Ces étapes s’appliquent que vous ayez accordé l’accès lors d’un appel ou que vous pensiez que quelque chose a été installé à votre insu. Agissez rapidement et utilisez un autre appareil de confiance pour tout ce qui implique une connexion.

  1. Déconnectez l’appareil concerné d’Internet et mettez fin à la session à distance si elle est encore active.
  2. Désinstallez complètement le logiciel d’accès à distance. Vérifiez vos applications installées et vos éléments de démarrage pour tout ce que vous ne reconnaissez pas, et pas seulement l’outil qu’on vous a demandé d’installer.
  3. Depuis un autre appareil de confiance, changez le mot de passe de l’adresse e-mail liée à votre compte Kraken et de tout autre compte qui était visible pendant la session.
  4. Changez votre mot de passe Kraken et déconnectez-vous de toutes les sessions actives. Consultez la page Sécuriser votre compte Kraken et votre vie numérique.
  5. Vérifiez que votre compte Kraken ne contient pas de modifications que vous n’avez pas effectuées : méthodes 2FA ajoutées ou supprimées, nouvelles clés API, nouvelles adresses de retrait dans votre carnet d’adresses et coordonnées mises à jour.

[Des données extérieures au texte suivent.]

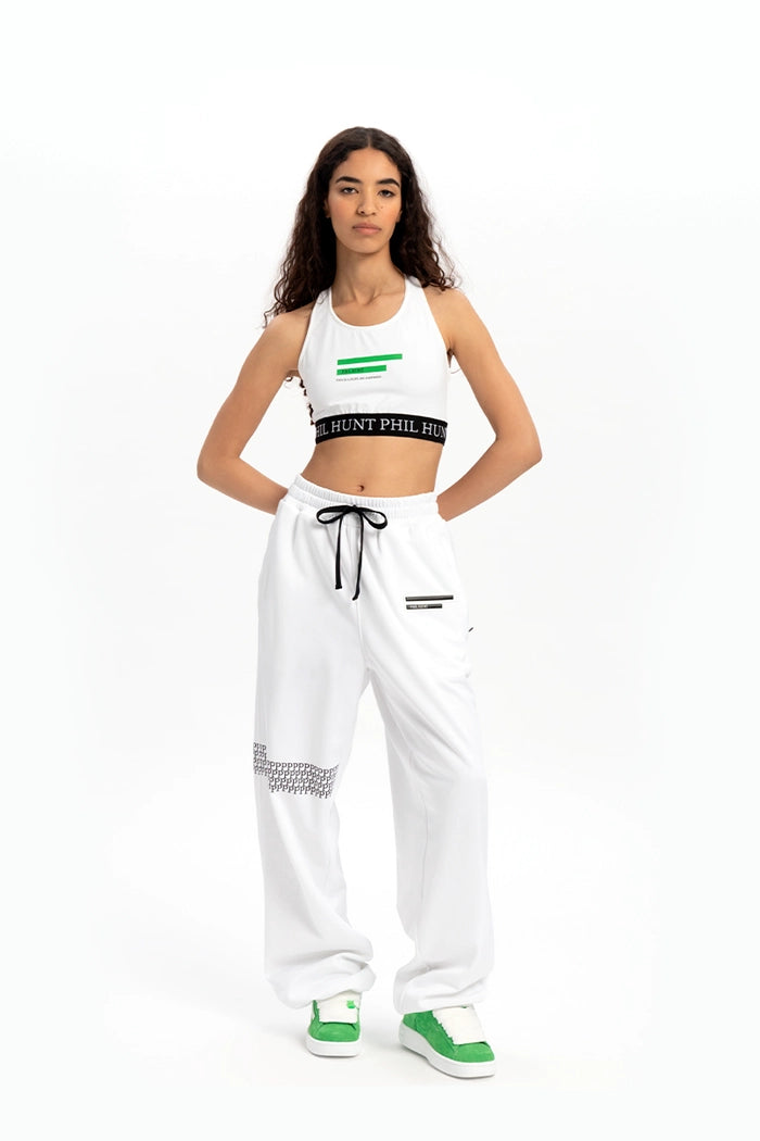 A perfect blend of elegance and energy. This white Phil Hunt stretch top enhances the figure with its snug yet comfortable fit, thanks to its high-quality fabric. The green logo at the center adds a distinctive touch, while the black elastic waistband with the repeated PHIL HUNT branding in white provides support and defines the silhouette. Ideal for those who embrace luxury streetwear with a bold feminine edge.
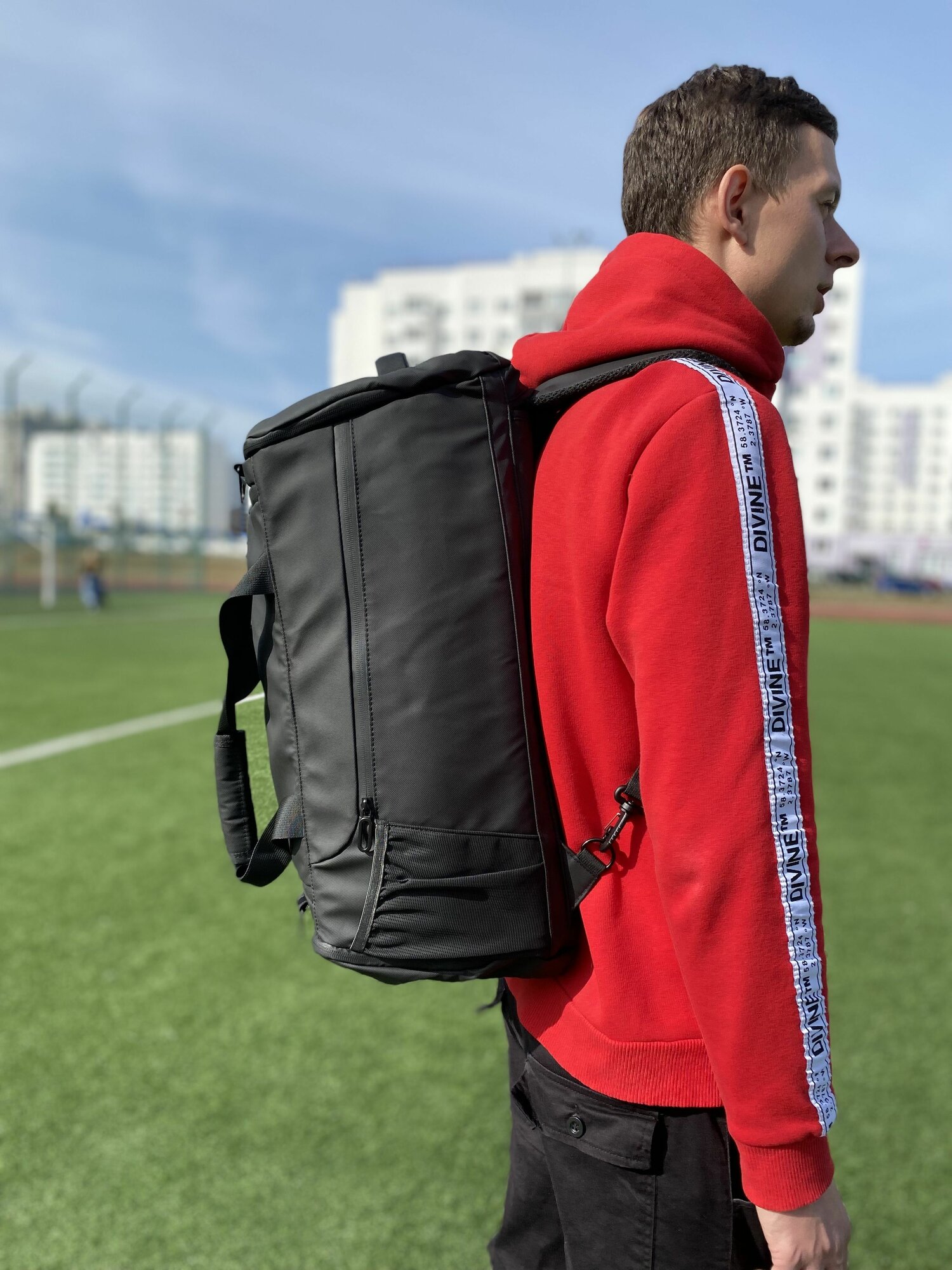 Спортивная сумка-рюкзак мужская трансформер водонепроницаемая. Размер 60*25*24 интересное:

  6. Effectuez une analyse antivirus complète sur l’appareil concerné. Si le contrôle à distance total a été accordé, la solution la plus sûre consiste à réinstaller le système d’exploitation. Une analyse ne peut garantir que rien n’a été laissé derrière.
  7. Contactez votre banque si vos comptes bancaires ont été consultés ou étaient visibles, et demandez-leur d’examiner l’activité récente.
  8. Signalez-le-nous en utilisant notre formulaire d’activité suspecte.
  9. Si vous déteniez un portefeuille hors Kraken sur cet appareil, considérez la phrase de récupération comme compromise et transférez ces fonds vers un nouveau portefeuille doté d’une phrase de récupération nouvellement générée.
  • Activez les Passkeys. Les Passkeys sont résistants au phishing et ne peuvent pas être lus sur votre écran ni répétés à un interlocuteur, contrairement à un code 2FA. Consultez Qu’est-ce qu’une Passkey ?.
  • Activez une Clé maître. Une Clé maître empêche la réinitialisation de votre mot de passe Kraken même si votre e-mail est compromis. Consultez Qu’est-ce qu’une Clé maître ?.
  • Activez le Verrouillage des paramètres globaux (GSL). Le GSL bloque les modifications des paramètres de votre compte et des adresses de retrait, et masque les informations sensibles du compte. C’est votre dernière ligne de défense si votre mot de passe et votre 2FA sont compromis. Consultez Qu’est-ce que le Verrouillage des paramètres globaux (GSL) ?.
  • N’installez jamais de logiciel à la demande d’un inconnu. Si vous avez besoin d’une assistance technique, contactez l’entreprise vous-même en utilisant un numéro ou un lien trouvé sur son site officiel — et non celui qui vous a été communiqué.
  • Ne collez jamais une commande que vous n’avez pas écrite. Aucun site officiel, processus de vérification ou de support ne vous demande d’exécuter une commande dans le Terminal, PowerShell ou la zone de saisie Windows Exécuter.
  • Téléchargez les logiciels à la source. Saisissez ou enregistrez l’adresse du fournisseur plutôt que de cliquer sur un résultat de recherche ou une publicité, et installez les mises à jour depuis l’application elle-même.
  • Maintenez votre appareil et votre navigateur à jour, et gardez un logiciel de sécurité fiable activé. Aucun des deux n’arrêtera toutes les attaques, mais les deux augmentent le coût nécessaire pour vous atteindre.
  • Ne vous précipitez pas. L’urgence est le levier qui permet à cette escroquerie de fonctionner. Mettre fin à un appel ne vous coûte rien ; s’il était authentique, vous pouvez toujours rappeler sur un numéro vérifié.